■ WHAT YOU ARE ASKED TO DO:
From the records that follow, return exactly the lines beginning at the one that contains "Shuichan Road (simplified" and ending at the one that contains "그 후 행의 수만큼 열의", pictures left out.

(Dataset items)
======
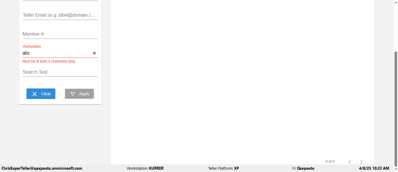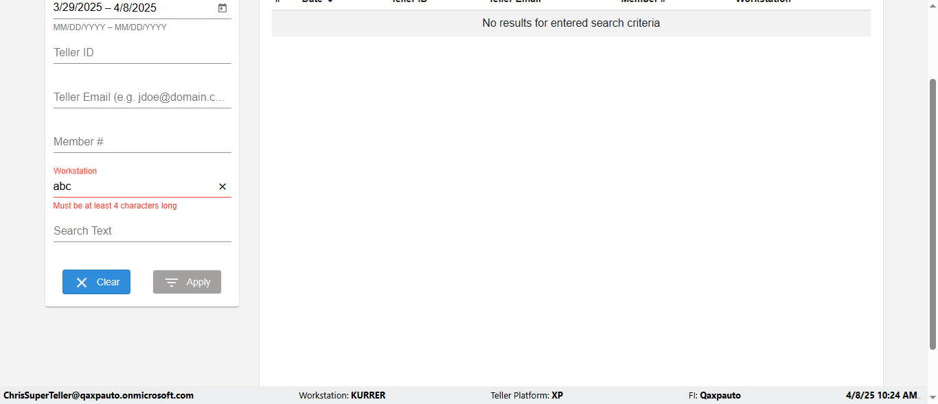 ({UserPwd=iMM2022!, Description=verify Error Messages in Report Page for Workstation Length, Teller ID=, errorMessage=Must be at least 4 characters long, Teller Email=, View=, Date=10, Clear=, Workstation=abc, errorint=1, TestID=verifyErrorMessagesInReports, Transaction=, Header=, Username=ChrisSuperTeller@Qaxpauto.onmicrosoft.com, Export=, Member #=, Search Text=, Level=})
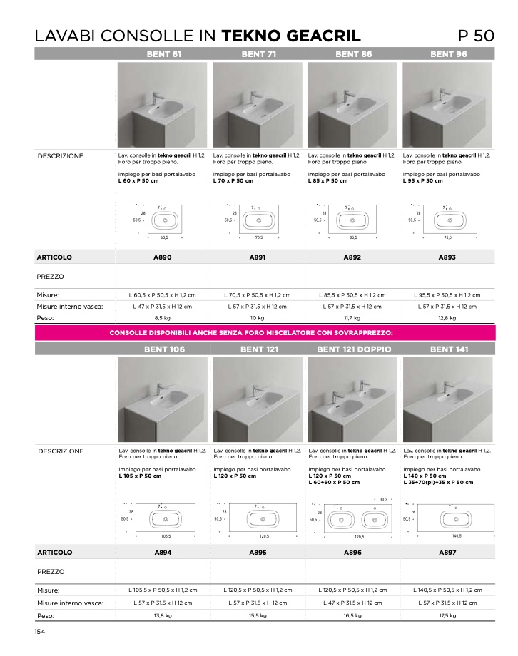 CONSOLLE DISPONIBILI ANCHE SENZA FORO MISCELATORE CON SOVRAPPREZZO:
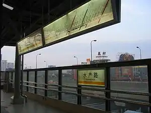 Shuichan Road (simplified Chinese: 水产路; traditional Chinese: 水產路; pinyin: Shuǐchǎn Lù) is the name of a station on the Shanghai Metro Line 3. It is part of the northern extension of that line from Jiangwan Town to North Jiangyang Road that opened on 18 December 2006.[1][2]
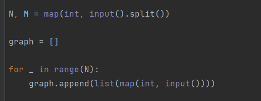 그 후 행의 수만큼 열의 값을 입력받아 graph 리스트에 저장한다. 해당 부분을 아래에서 자세히 보겠다.
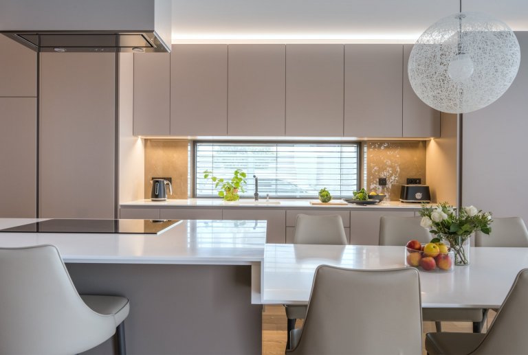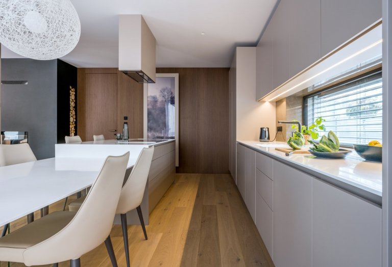 Stěžejním materiálem této realizace se stala MDF v sytějším béžovém odstínu v kontrastu s dubovou dýhou s rovnoletou strukturou. Tyto dva materiály doplnil o betonovou stěrku, krion, ale také sklo či kov, vše v menších plochách. „Klienti neměli žádné záludné požadavky či nestandardní nároky. Jediné zásadní přání měla paní domu, přála si místnost, kde bude mnoho úložného prostoru a velkorysé sezení i dostatek denního světla, aby měli jakousi kreativní dílnu, kde za sebou pouze zavřou a dům je uklizený.
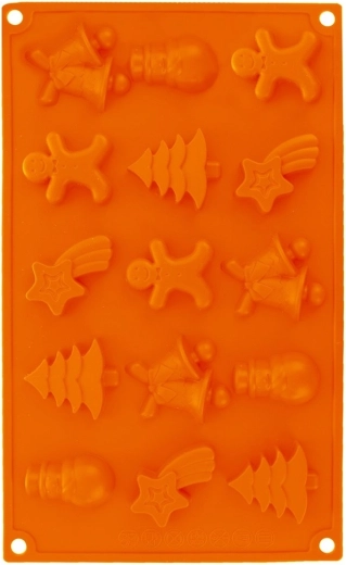 Silikonová forma na pečení s motivy Vánoc umožní připravit až 15 kusů cukroví či pralin v pěti tvarech: panáček, stromeček, sněhulák, hvězda a zvoneček. Je odolná od -40 °C do +220 °C, vhodná do trouby, mikrovlnky i mrazáku a lze ji mýt v myčce. Díky nepřilnavému silikonu se těsto snadno vyklápí a forma nepohlcuje pachy ani chutě.
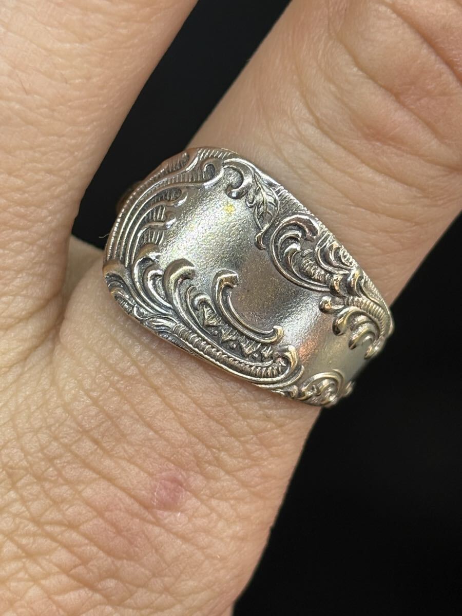 - ヴィンテージ リング スプーンリング 19号 調節可 60s アメリカ 民族 総柄 6105
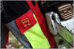 Achten Sie beim Kauf von Schnittschutzbekleidung auf das CE-Zeichen und das Motorsägenpiktogramm auf den Produktbegleitinformationen. Oftmals findet man das CE-Zeichen innen in der Hose auf einem angenähten Stoffschildchen. Das Motorsägenpiktogramm hingegen soll von außen auf der Hose gut erkennbar sein und ist bei vielen Modellen im Bereich der Zollstocktasche aufgebracht.
======
■ ANSWER AREA:
 Shuichan Road (simplified Chinese: 水产路; traditional Chinese: 水產路; pinyin: Shuǐchǎn Lù) is the name of a station on the Shanghai Metro Line 3. It is part of the northern extension of that line from Jiangwan Town to North Jiangyang Road that opened on 18 December 2006.[1][2]
 그 후 행의 수만큼 열의 값을 입력받아 graph 리스트에 저장한다. 해당 부분을 아래에서 자세히 보겠다.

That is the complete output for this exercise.